<<<<

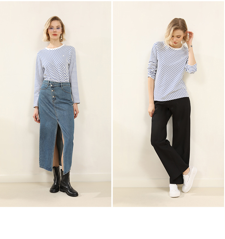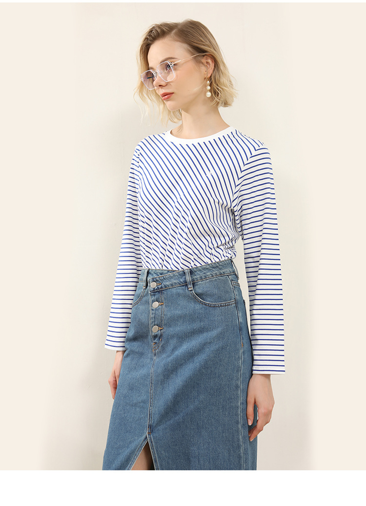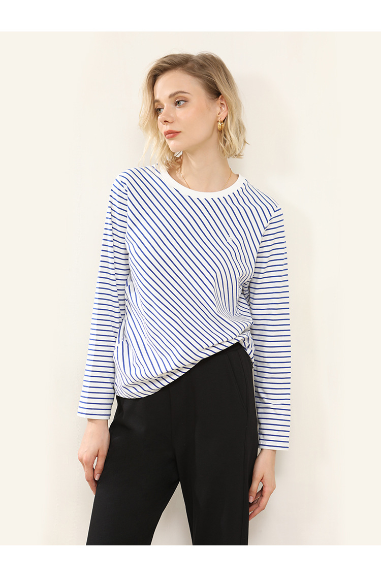 CANVAUS 긴팔 티셔츠 스트라이프 네이비 스타일 라운드 넥 봄과 가을 내부 자수 베이스 셔츠 여성베이스 의류 패션스토어 가기
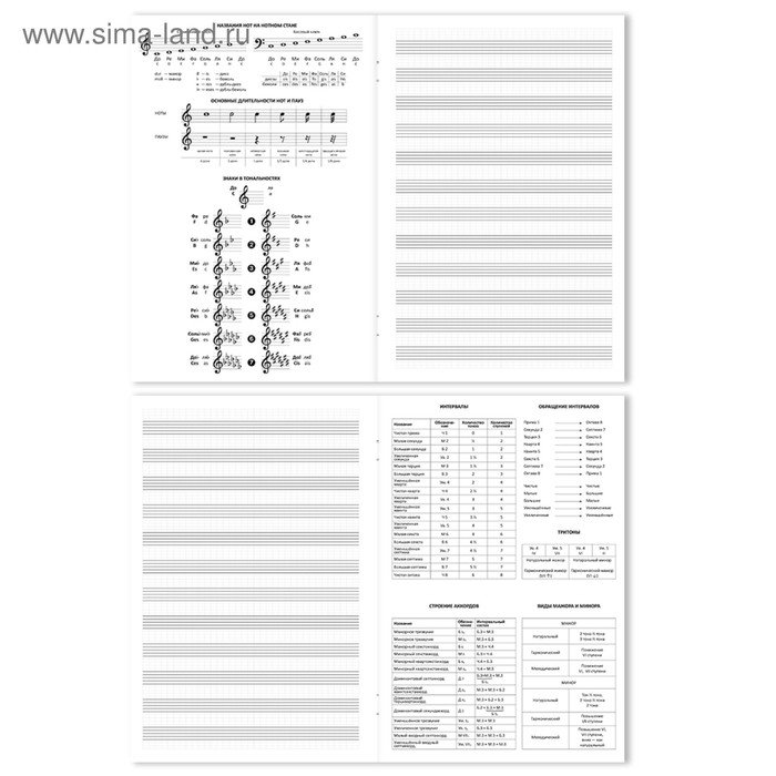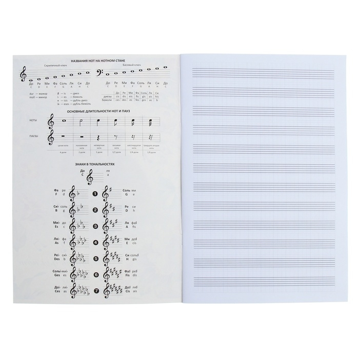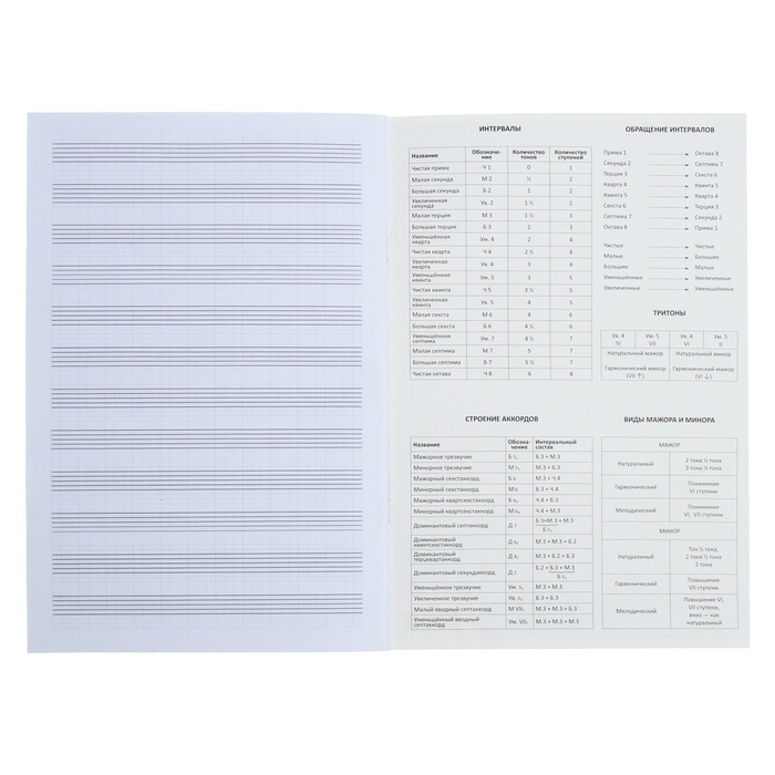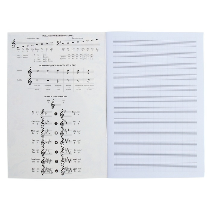 - Имеет спрaвочный мaтериaл и вспомогaтельные линии нотного стaнa.
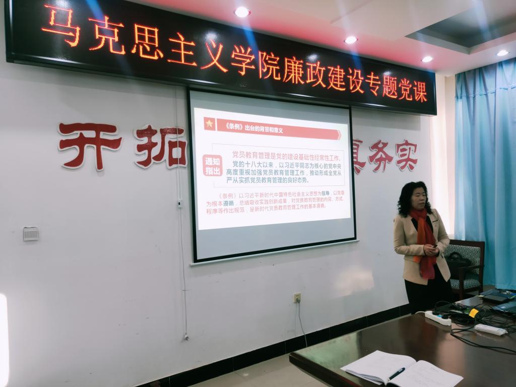 赵书记主要从以下三个方面讲授本次党课。一 是《条例》出台的背景和意义;二 是《条例》的学习贯彻落实;三是 《条例》的逐条学习解读。党课内容深入浅出,有理有据,生动丰富,信息量大。受到了教职员工的一致好评。
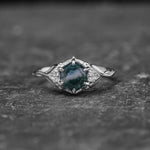 Moss agate engagement ring, gold leaves proposal ring with diamonds
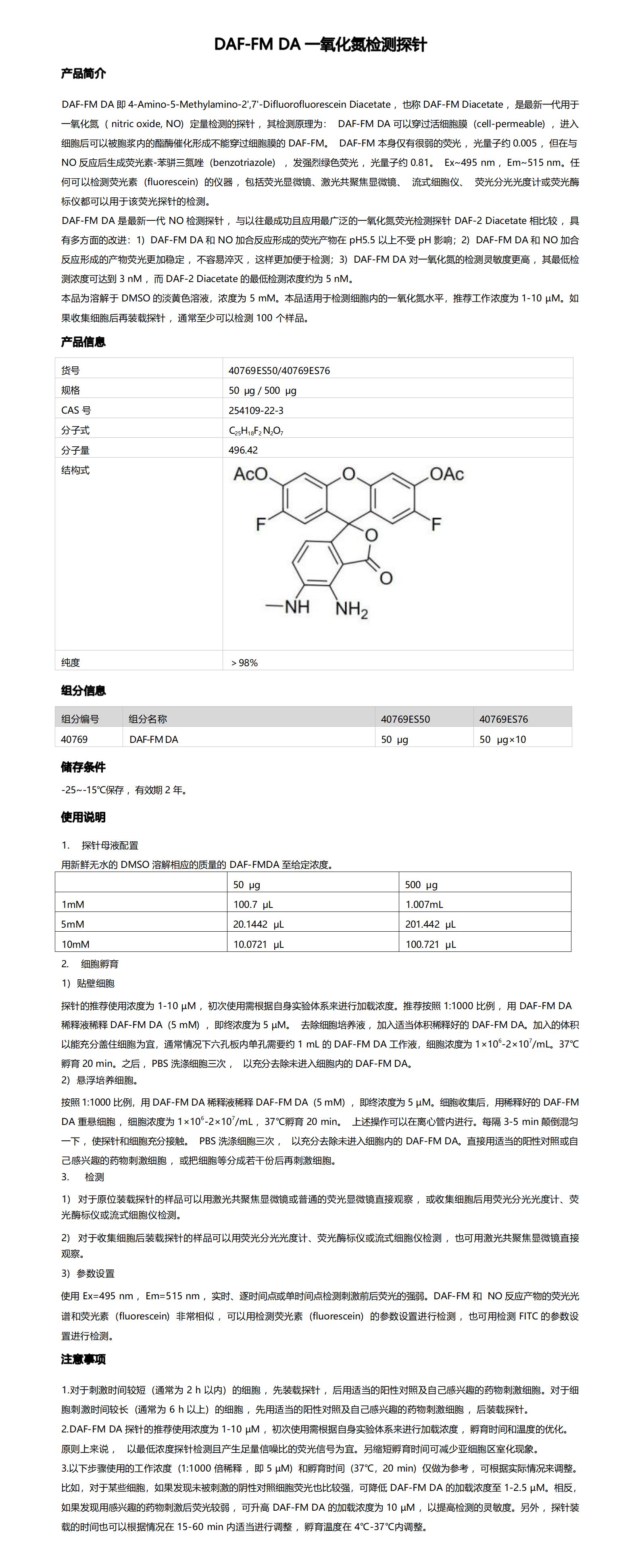 DAF-FM DA Solution (5 mM in DMSO) 一氧化氮检测探针
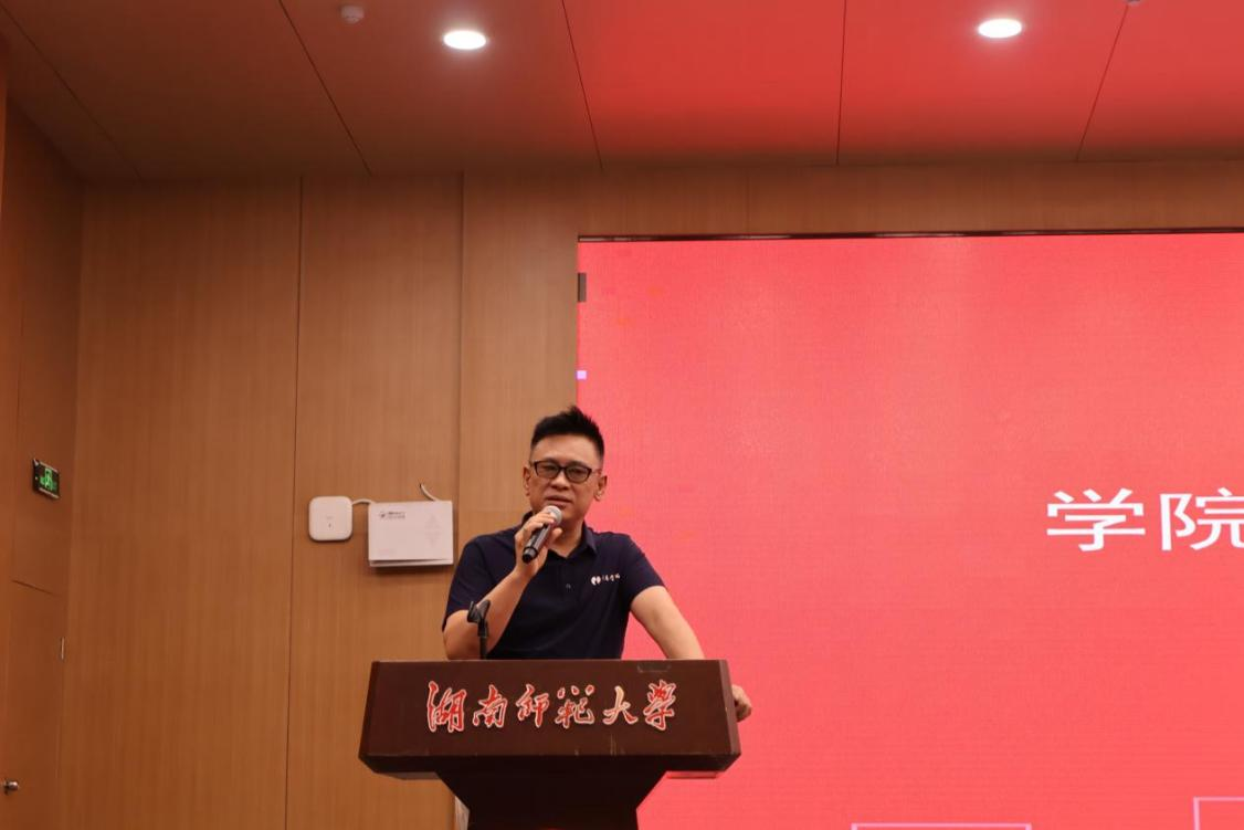 院长廖勇发表致辞,他围绕新生的专业成长与未来发展发表了讲话。他寄语新生,在学院学习期间既要扎实掌握艺术领域的共性知识与技能,打牢专业基础,也要挖掘自身特点与优势,探索独特的艺术风格;同时鼓励新生提前规划学业与未来,明确目标、提升综合素养,努力成长为全面发展的音乐人才,以积极应对行业机遇与挑战。最后,他祝愿新生始终保持学习热情、专注态度与艺术热爱,勇敢追逐梦想,携手共进。

>>>>

= Problem to work on =
From the line containing "DAF-FM DA Solution (5 mM in DMSO) 一氧化氮检测探针" to the end of the listing, restate each line word for word and nothing more; the pictures stay out.

= Finished exercise =
 DAF-FM DA Solution (5 mM in DMSO) 一氧化氮检测探针
 院长廖勇发表致辞,他围绕新生的专业成长与未来发展发表了讲话。他寄语新生,在学院学习期间既要扎实掌握艺术领域的共性知识与技能,打牢专业基础,也要挖掘自身特点与优势,探索独特的艺术风格;同时鼓励新生提前规划学业与未来,明确目标、提升综合素养,努力成长为全面发展的音乐人才,以积极应对行业机遇与挑战。最后,他祝愿新生始终保持学习热情、专注态度与艺术热爱,勇敢追逐梦想,携手共进。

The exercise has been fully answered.